By Viktar Korbut
Delegations from Belarus, Russia, Ukraine, Azerbaijan, China, Cuba, Venezuela and India attended the event in Minsk, with Moscow — the fair’s honourable guest — enjoying a separate stand. The Moscow media have taken part since the very first year but this was their largest delegation, comprising leading newspapers (such as Rossiiskaya Gazeta, Izvestia and Literaturnaya Gazeta) alongside magazines and book publishing houses.
The Belarusian Information Ministry and Moscow’s Department of Mass Media and Advertisement signed a co-operative agreement for 2011-2012, with the Muscovites officially inviting the Belarusians to attend their future book and printed media fairs. Moscow journalists are also to attend the Slavonic Bazaar in Vitebsk this year, reporting on the 20th International Song Contest.

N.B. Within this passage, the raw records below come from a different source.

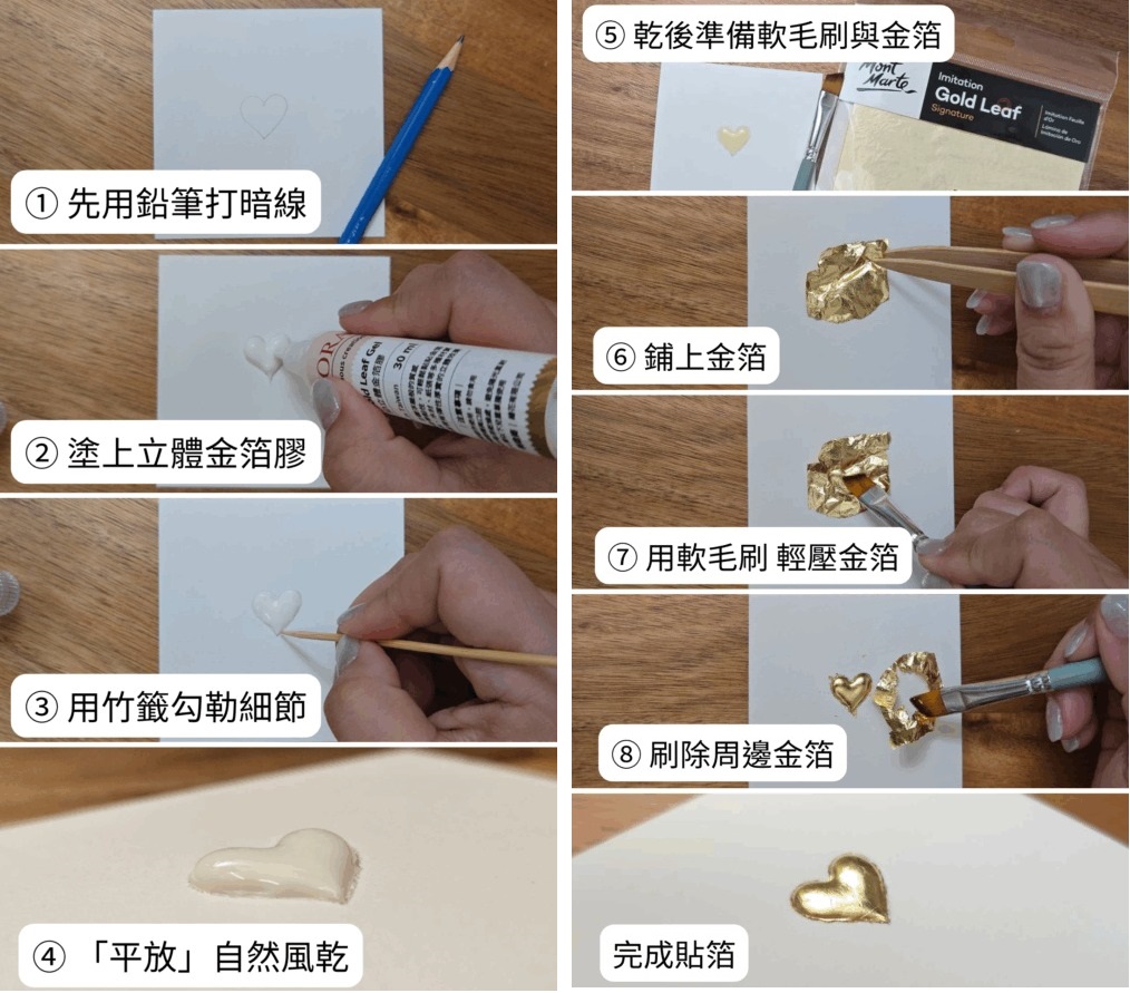 不只是貼金箔,還能呈現厚實立體感與亮眼光澤,瞬間提升作品質感!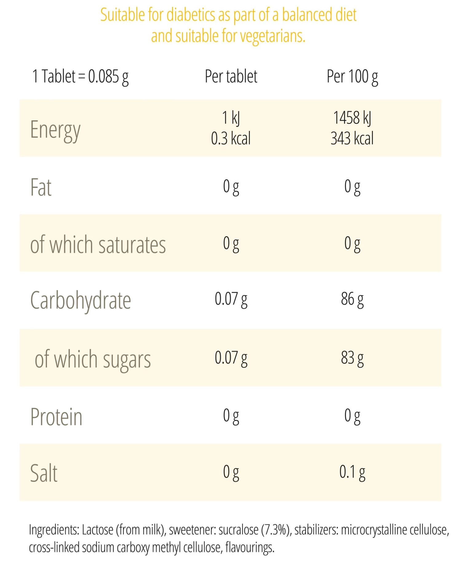 Did you know that you can save calories but still enjoy great sweet taste by using Canderel Yellow Tablets to sweeten your hot drinks? Each tablet is equivalent in sweetness to a teaspoon of sugar but contains zero calories (compared to sugar which contains 20 calories). That means, you can save up to 100 calories a day and 700 calories in a week* just by replacing sugar with Canderel Yellow Tablets in your hot drinks alone! *(based on five hot drinks a day sweetened with one teaspoon of sugar)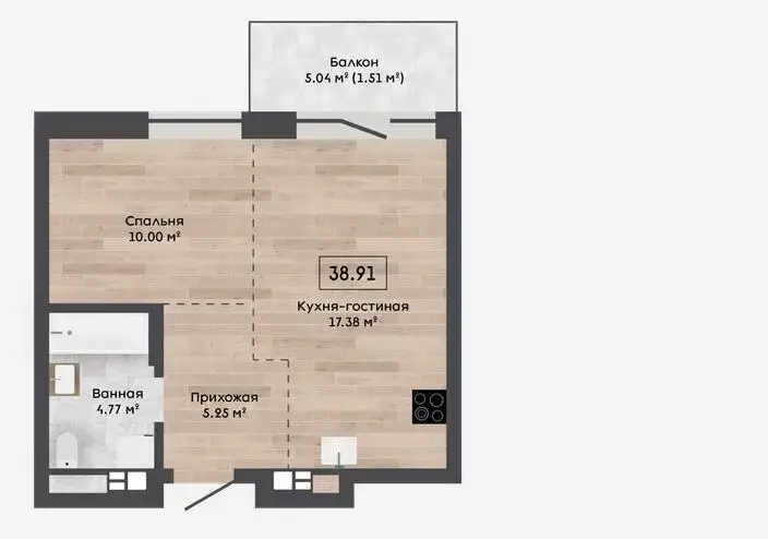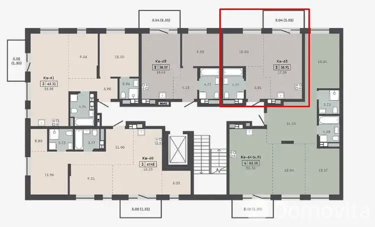 Площади квартир от 37,62 до 110,90 кв.м — от студий до просторных 3-комнатных квартир.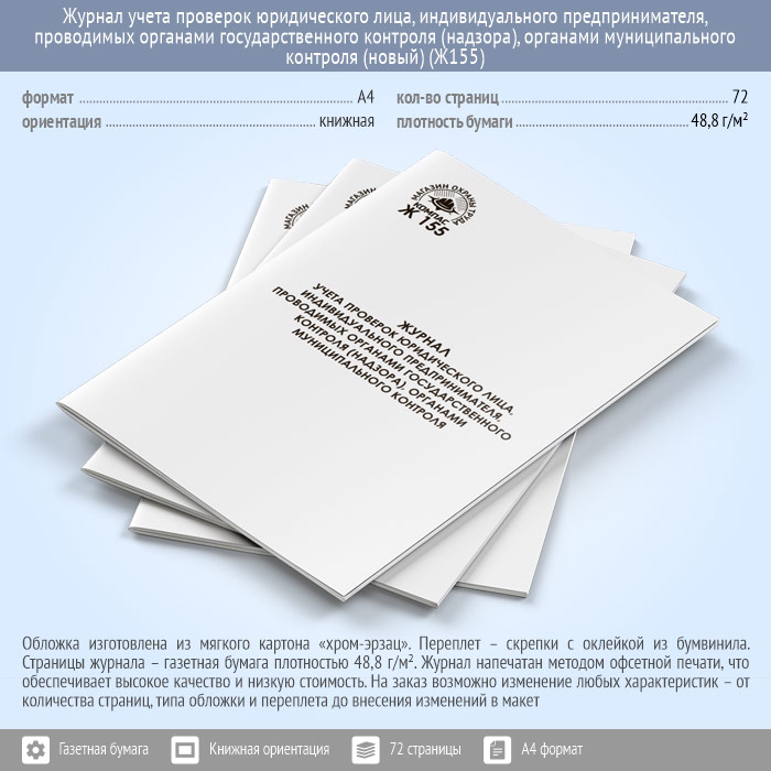 Журнал учета проверок юридического лица, индивидуального предпринимателя, проводимых органами государственного контроля (надзора), органами муниципального контроля (новый) (72 стр., Ж155) в Улан-Удэ купить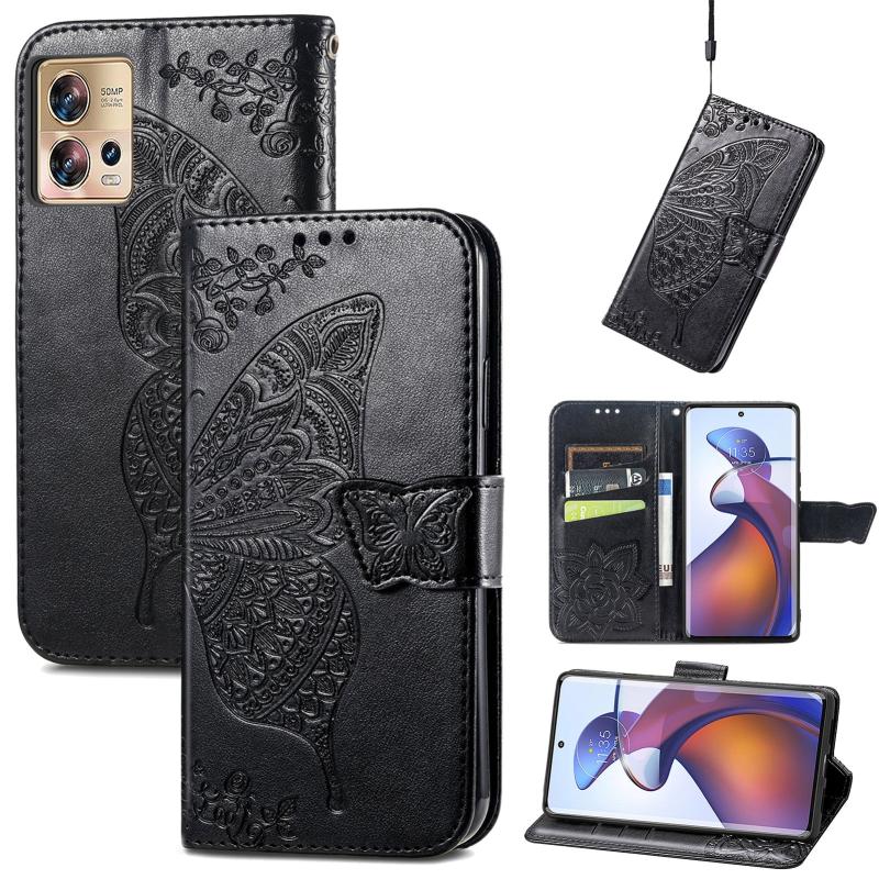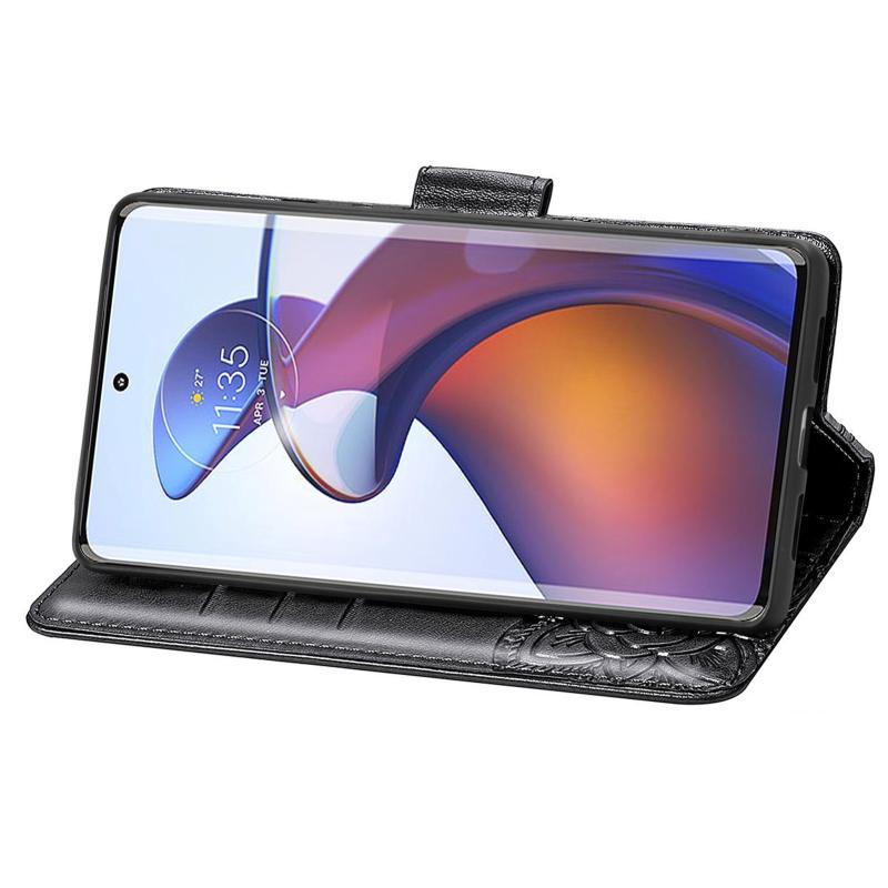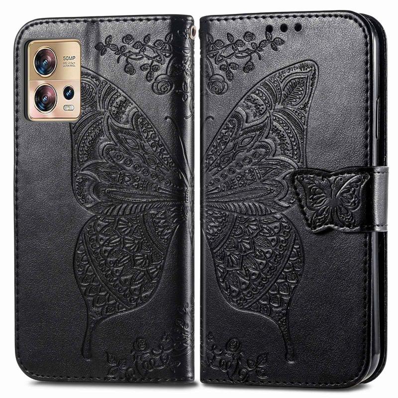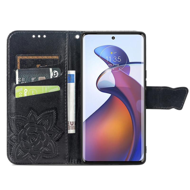 Θήκη τηλεφώνου δερμάτινη ανάγλυφη με σχέδιο πεταλούδας και λουλουδιών για Motorola Moto Edge 30 Fusion (Μαύρο)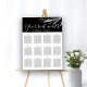 Elegant Wedding Seating Charts - features silver leaves on the black background and handwritten script.

Opening the Mass Media in Belarus exhibition, Belarusian Information Minister Oleg Proleskovsky noted that our present times are unique for the country’s media. “In late April, Grodno hosted a large seminar, gathering regional mass media. The results of the Zolotaya Litera (Golden Letter) contest have been concluded, with the Televershina event is next in line. A traditional media forum is soon to be organised, in addition to a summer school for CIS journalists. We welcome all those who write objectively and honestly about Belarus,” he said.
Alexander Lukashenko’s welcoming speech was read by the First Deputy Head of the Presidential Administration, Alexander Radkov. It acknowledged that printed media is ‘a fourth power’ playing a key role in guiding public opinion. He noted: ‘The duty of each journalist is to report on carefully considered, true information, while recognising their level of responsibility for each word pronounced, for each shot and piece’.
Belarus is progressing in the global information field, with more active Internet users registered countrywide. Over 30 percent of Belarusians surf the global web on a regular basis, while each district newspaper now has its own Internet site (due to the attentions of the state). “I believe that this offers a unique possibility for Belarus, when district newspapers can be read online in Argentina, the USA, Canada, France and Australia — all over the globe,” said Mr. Proleskovsky.
Belarus’ State Programme for Mass Media Development until 2015 focuses on the complete transition to digital TV broadcasting. This applies not only to TV channels, but to all content, allowing digital broadcasts from different sources to be united, efficiently interacting while providing users with access to global and local information resources.
Experts believe that printed editions of Belarusian newspapers will still be desirable, as Western tabloids are, with printed versions of Belarusian daily and weekly papers focusing on analytical reviews and reports. New editions continue to be annually registered in the country. However, over the past five years, the state media budget has not been raised, encouraging editions to cover their own costs. Meanwhile: none of the major national newspapers has seen its circulation fall, while many regional newspapers have even increased their circulation.
The MT reference:
1,364 printed and 240 electronic mass media editions are registered in Belarus, with publications released in Belarusian, Russian, English, German, Ukrainian, Polish and other European languages. Nine information agencies operate in the country. Since early 2011, 32 new printed and 3 electronic mass media editions have been registered in Belarus.